As an example, Bourouissa cites his short film All-In (2012), a commentary on rap as the choice soundtrack to our commodity-driven culture, which he argues received a lukewarm response when it was first shown.
The piece, which features prominently at the festival, documents the minting of a coin embossed with a portrait of French hip-hop don Booba at the Monnaie de Paris as his track, Foetus, plays on.
“Rap from the French banlieues, which in recent decades has established itself as the dominant culture, was once considered counter-cultural,” he said. “Being from the French suburbs or American ghettos was once considered profoundly uncool. There’s a certain irony in seeing Louis Vuitton, Balenciaga and Gucci now take up streetwear, for instance. Or Kanye West being the cultural figure called upon to meet with Trump. It shows we’re breaking away from those once immutable highbrow-lowbrow divisions.”
The artist, whose international career took off in Arles with Peripherique, is also taken aback at how French culture has shifted.
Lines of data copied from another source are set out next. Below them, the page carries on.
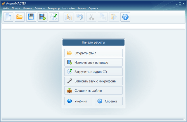 АудиоМАСТЕР – это программа для работы с аудио файлами самых популярных форматов. Редактируйте музыку, записывайте звук с микрофона, создавайте рингтоны для мобильных!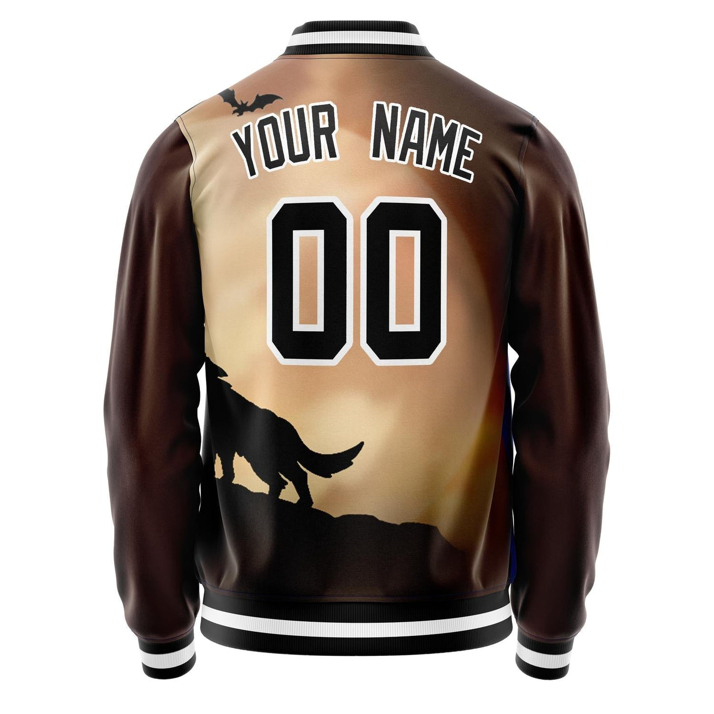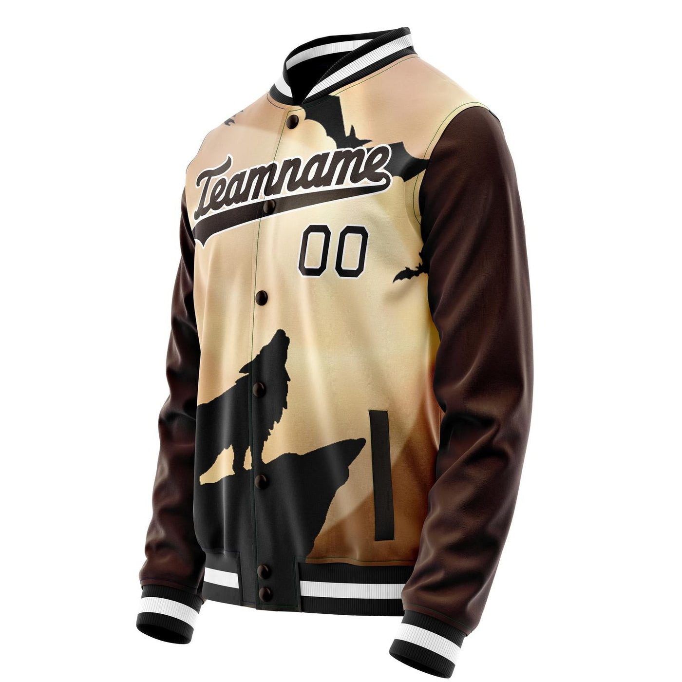 Custom Brown Black Wolf Fullmoon Party 3D Varsity Letterman Jacket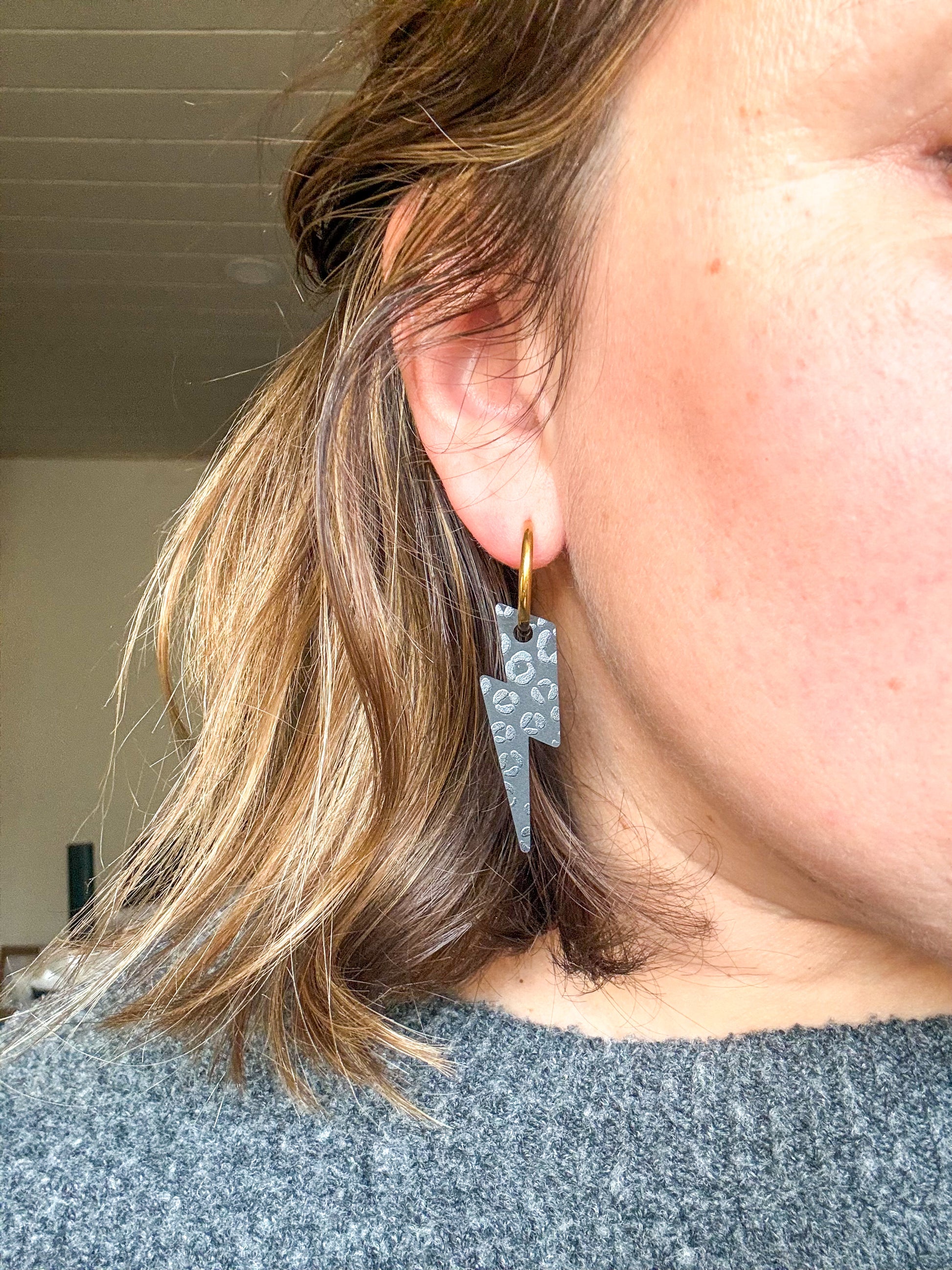 Réalisées en plexiglass noir givré, elles affichent un délicat motif léopard ton-sur-ton : discret, tendance et facile à porter.
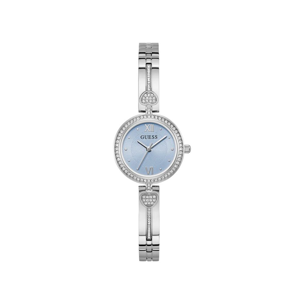 Equipado com movimento quartz analógico, o relógio oferece precisão confiável e praticidade no uso cotidiano. O mostrador azul imprime personalidade à peça, criando contraste harmonioso com a caixa e a pulseira em aço inoxidável com aplicação de cristais. A caixa com aproximadamente 27 mm proporciona ajuste confortável ao pulso, mantendo uma estética equilibrada e feminina.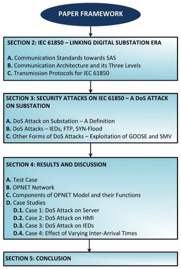 The rest of this paper is organized as follows. Section 2 talks about the linking digital substation era in IEC 61850. Section 3 discusses the possible security attacks in IEC 61850, with a focus on DoS attacks (SYN-FLOOD). Section 4 illustrates the simulation and results which involve the model system and its components. Finally, Section 5 concludes this paper and suggests future research work. Figure 2 shows the complete framework of the paper.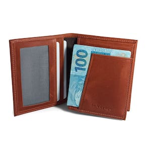 Medidas:Altura: 9,5 cmComprimento: 7,5 cmLargura: 1 cmCaracterísticas:- feita de couro de alta qualidade- modelagem vertical trifold- abertura rápida abrir/fechar sem nenhum tipo de trava - costuras reforçadas, fios de nylon específicos para costuras ''pesadas''- comporta Carteira de Motorista CNH , CPF e diversos outros documentos de tamanhos semelhantes- resistente a águaComposição:- 03 bolsos para cédulas dobradas, cartões ou documentos- 06 compartimentos para cartões ou objetos semelhantesEspecificações:Marca: Le VoyageFabricante: Le VoyageOrigem: BrasilMaterial: CouroGarantia: 3 meses para defeitos de fabricaçãoObs: Os objetos presentes nas fotos não acompanham o produto, são apenas exemplos para demonstrar os modos de utilização.Trabalhamos com mochilas, pastas executivas, bolsas, malas, necessaires, carteiras, pochetes, cintos, porta moedas e muito mais. Todos os produtos são feitos de couro. Marca: Le Voyage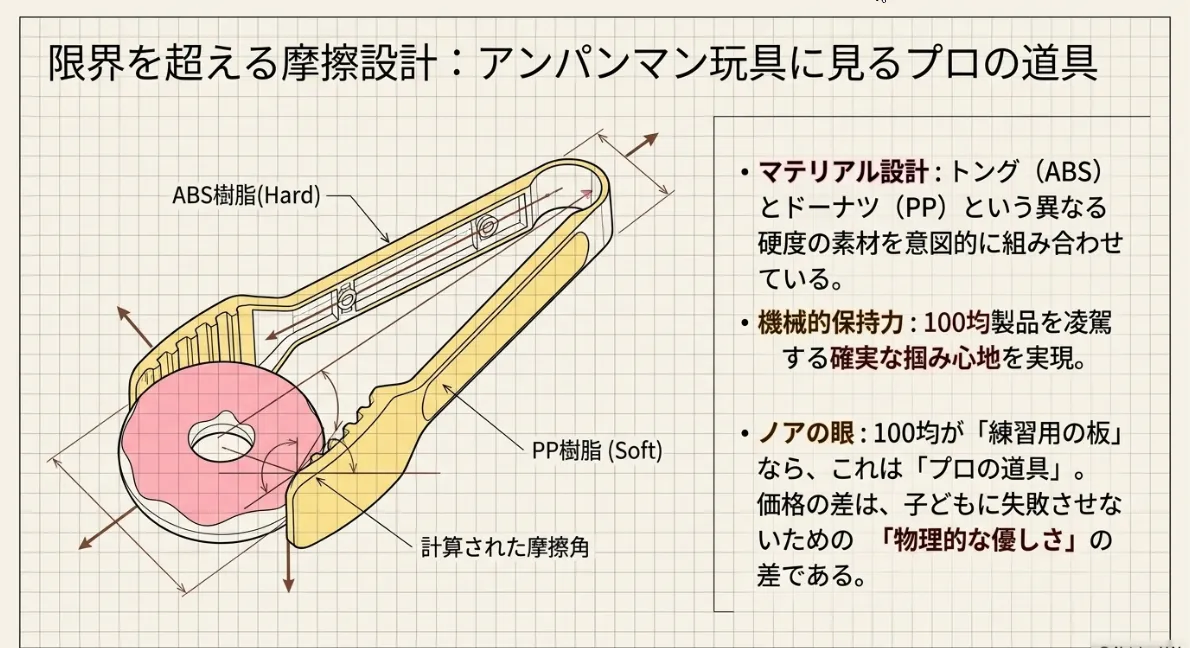 この製品の凄さは、トングとドーナツの接点における「摩擦角」の設計にあります。高剛性なABS樹脂のトングと、適度な弾性を持つポリプロピレン(PP)製のドーナツ。この異なる硬度の組み合わせにより、100均のプラスチック製では滑りやすかった「掴む」という動作において、確実な機械的把持力を担保しているのです。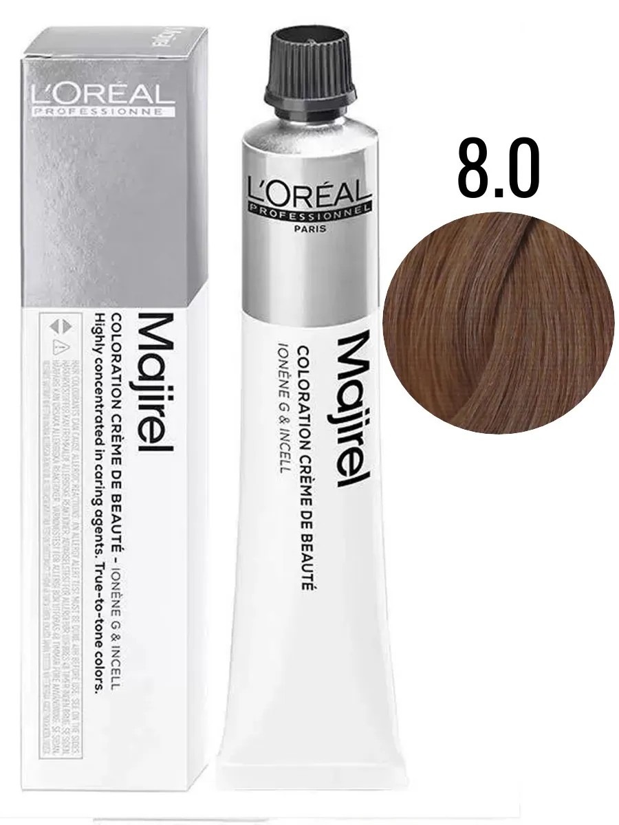 L'Oreal Professionnel Majirel стойкая крем-краска для волос, 8.0 светлый блондин глубокий, 50 мл.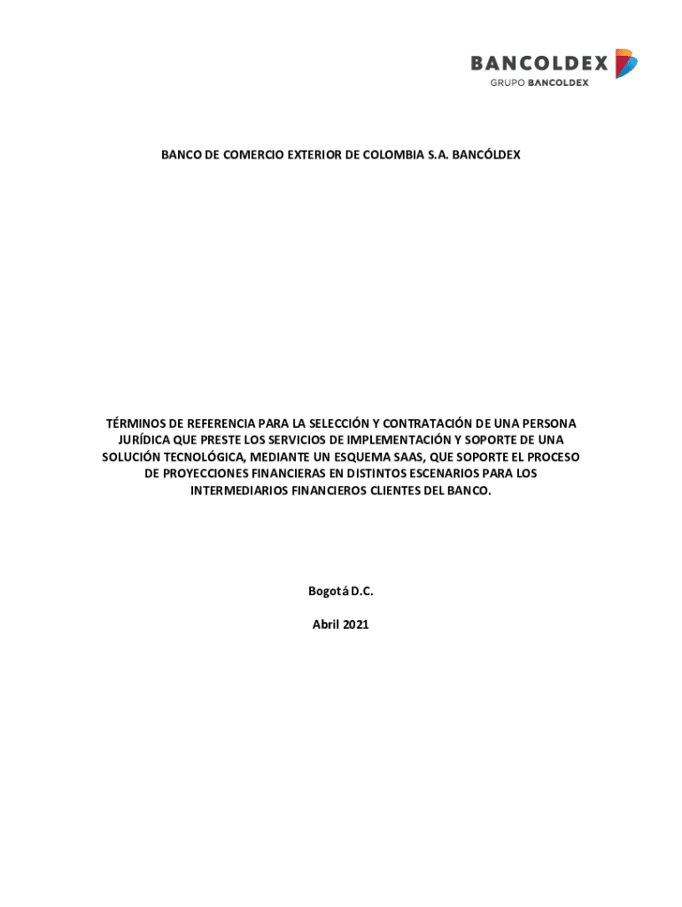 BANCO DE COMER CIO EXTERIOR DE COLOMBIA S.A. BANCLDEXTRMINOS DE REFERENCE PARA LA SELECTION Y CONTRATACIN DE RNA PERSONA JURIDICAL QUE PRESTO LOS SERVICES DE IMPLEMENTATION Y SPORTS DE RNA SOLUTION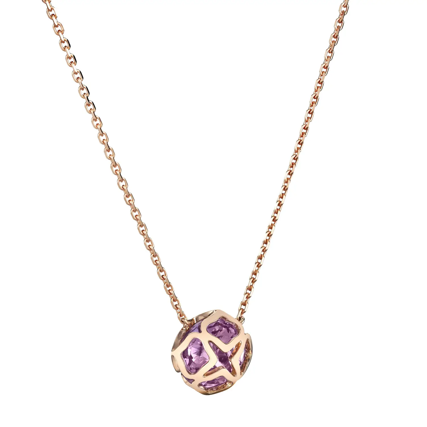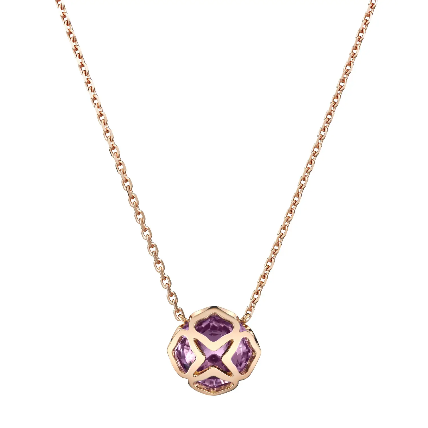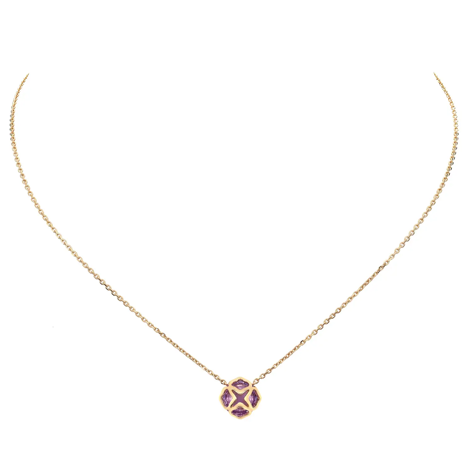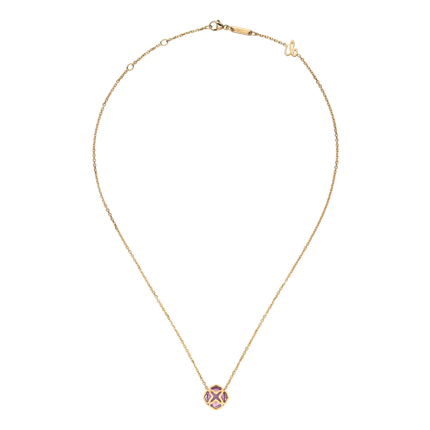 核心是一个令人惊叹的 天然紫水晶,枕形切割 (cushion),重量 2.74 克拉,其浓郁的紫色与精致切工为吊坠增添了庄重、华丽与珍贵的闪耀。这颗独特的宝石展现极简奢华,优雅镶嵌于贵金属之中。
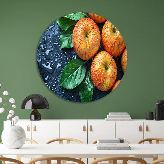 Glanzende appels met waterdruppels aluminium muurcirkel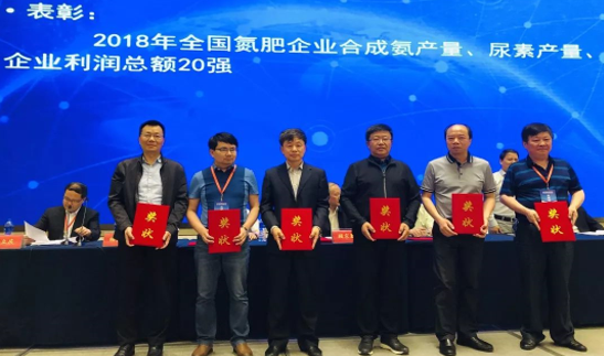 会议对2018年在全国氮肥行业中合成氨产量、尿素产量、利润总额排名前20位的先进企业,分别授予“2018年全国氮肥企业合成氨产量20强”、“2018年全国氮肥企业尿素产量20强”、“2018年全国氮肥企业利润总额20强”称号。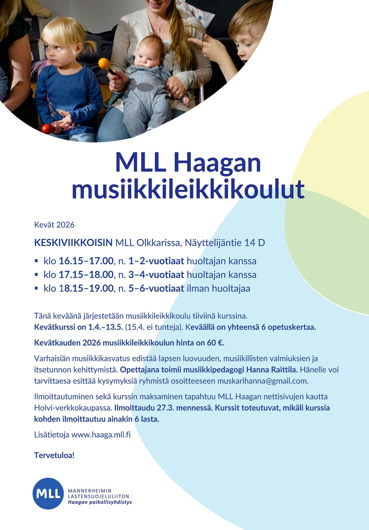 Kevätkauden 2026 musiikkileikkikoulun hinta on kaikille 60 € (MLL Haagan jäsenhintaa tai sisarusalennusta ei ole erikseen tälle kurssille.)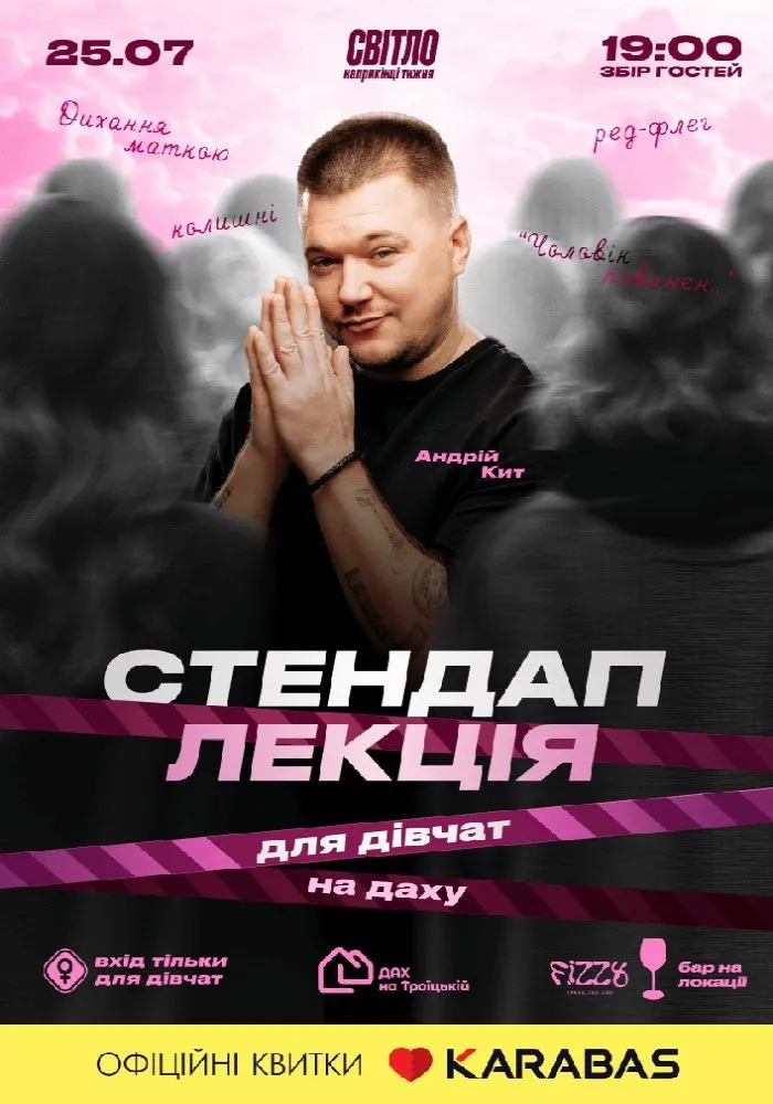 Стендап лекція для дівчат від "СВІТЛО" – це місце без забобонів, де ви від душі посмієтеся з відносин. Андрій Кит розповість про "чоловічо-жіночі" штуки – з гумором, без фільтрів і максимально відверто. Обговорить емоції, непорозуміння між чоловіками й жінками, "колишніх" та інші теми, які ви самі оберете. Буде смішно, безцеремонно й інтерактивно.

“During the 2005 uprisings, we were still sort of coming out of that post-colonisation period. The suburbs weren’t integrated to Paris,” he said. “People didn’t mix as much as they now do. Just the fact that they’re developing transit projects like Greater Paris means things are now much more connected. With younger generations, borders are more porous. It’s encouraging to return to Arles with the project and be reminded of that.”